The Cryptech effort was created following revelations from NSA whistleblower Edward Snowden that the US government and its pals are exploiting standards and weak crypto algorithms to gain access to citizens' private correspondence and documents.
In response, a group of engineers decided there needed to be an open-source hardware engine that could provide strong and reliable encryption and decryption for email, plus public-private key cryptography for all sorts of things from digitally signing messages and files to DNSSEC.
"Recent revelations have called into question the integrity of some of the implementations of basic cryptographic functions and devices used to secure communications on the Internet," the team wrote earlier this year.
"There are serious questions about algorithms and about implementations of those algorithms in software and particularly hardware.
"The algorithmic issues are in the domain of the heavy math cryptography folk. But we must also deal with the implementation issues.
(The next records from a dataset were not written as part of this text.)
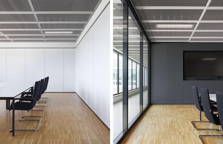 Im Obergeschoss mit Zugang zur Dachterrasse ist die neue Konferenzzone mit Cateringbereich angeordnet. Durch mobile Trennwände ist es möglich alle Konferenzräume zu einem großen Veranstaltungsbereich zusammenzulegen.
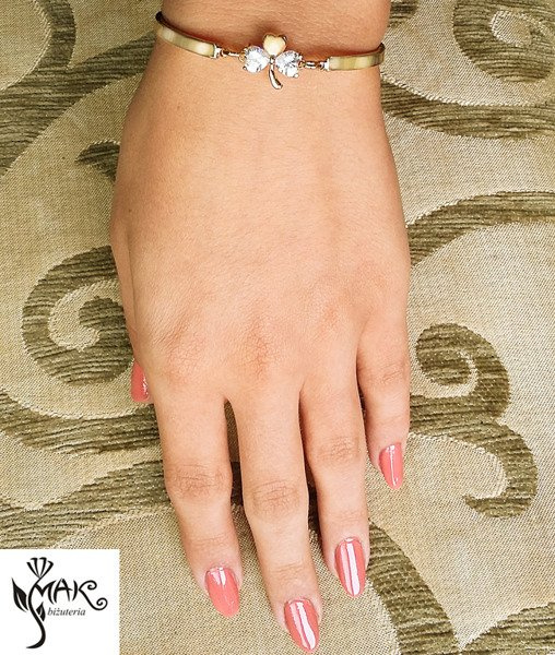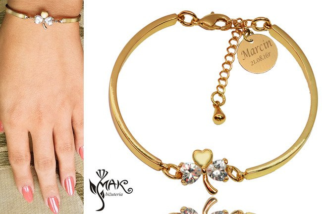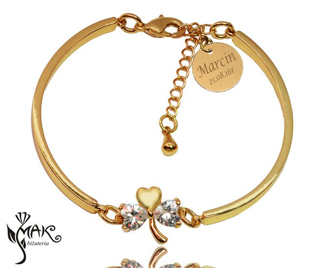 BR717 BRANSOLETKA pozłacana koniczynka grawer
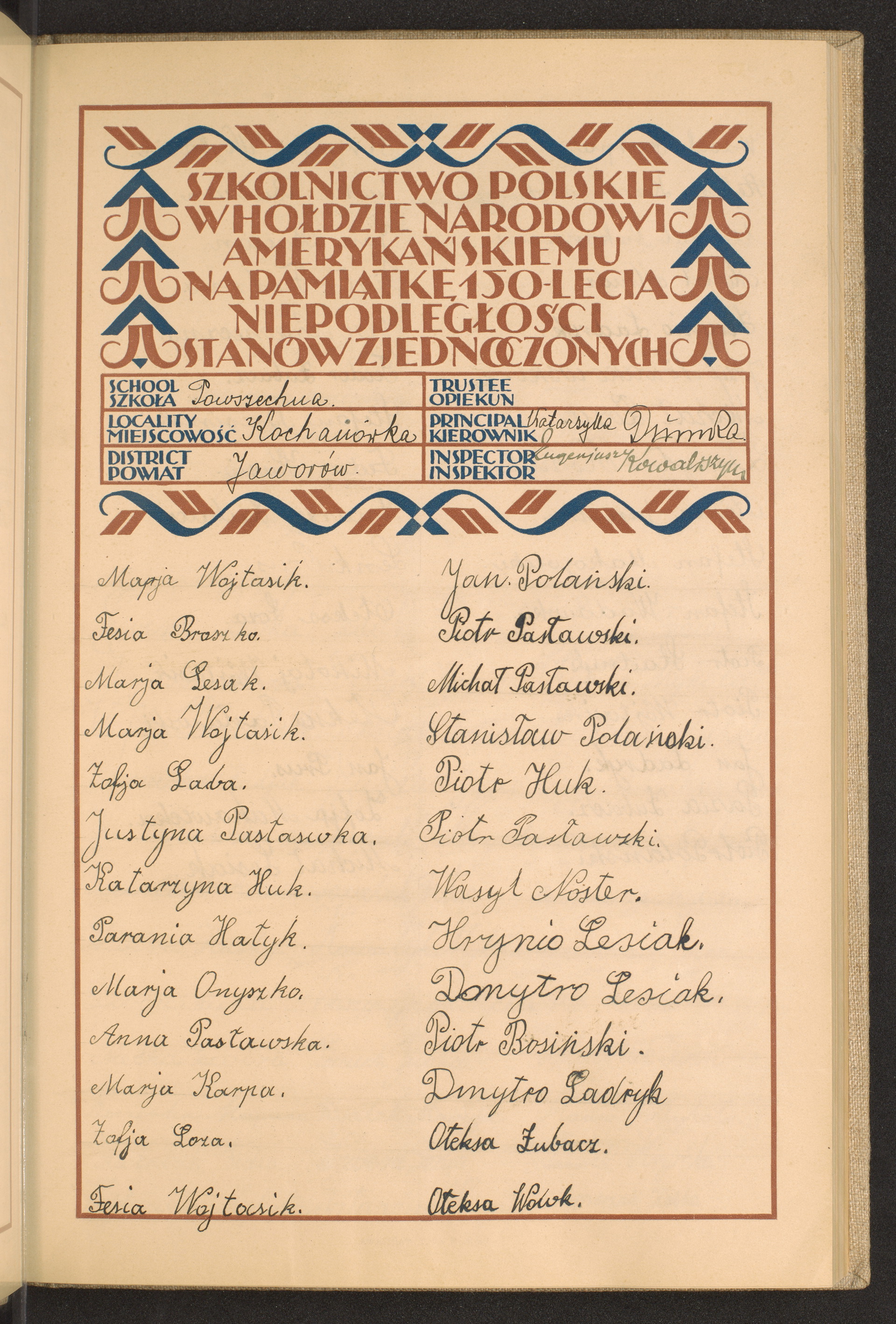 szkoły powszechne i gimnazja; powiaty Jaworów - Kamionka

We therefore are embarking on development of an open-source hardware cryptographic engine that meets the needs of high-assurance internet infrastructure systems that use cryptography.
"The open-source hardware cryptographic engine must be of general use to the broad internet community, covering needs such as secure email, web, DNS, PKIs, etc."
Cryptech's goal is to develop an inexpensive ARM-powered Hardware Security Module (HSM) that can store cryptokeys and act as a signing engine to establish the authenticity of digital content.
The idea is you store a secret key in the module, which is designed to never intentionally (and, ideally, never accidentally) disclose that key. Rather, you tell the module to, for example, sign some data using that secret key; people can use your public key and that signature to verify that particular data really came from you, and has not been tampered with in transit.
The Cryptech HSM will use USB to communicate with your computer. To avoid attacks on the USB controller spreading to the HSM's CPU, the USB connection is terminated at the on-board single-purpose controller chip, which sends commands and data and receives a reply from the CPU over a serial bus. This means if you're able to compromise the USB chip, you can't directly access the main processor's memory to extract the secret keys.
The Cryptech prototype uses a Novena single-board computer with an ARM Cortex-A9 system-on-chip (SoC) and an Xilinx field-programmable gate array (FPGA). The team has implemented SHA-512, SHA-256, AES and other algorithms in the programmable array, and a true random number generator fed with noise from onboard electronics – this is essential for providing strong cryptography.
While the group has made steady progress, it apparently needs more money to continue its work, and is appealing for donations: the team wants to move beyond its Novena development board, and build Alpha prototypes by the summer.
So far, big names including Google and Comcast (yes, Comcast, apparently) have contributed up to a maximum of $100,000 each (a per-donor limit imposed to prevent any one organization from gaining undue influence over the project). A range of other internet organizations have also contributed, including the Internet Society, domain registry Afilias, and IP allocation organization RIPE.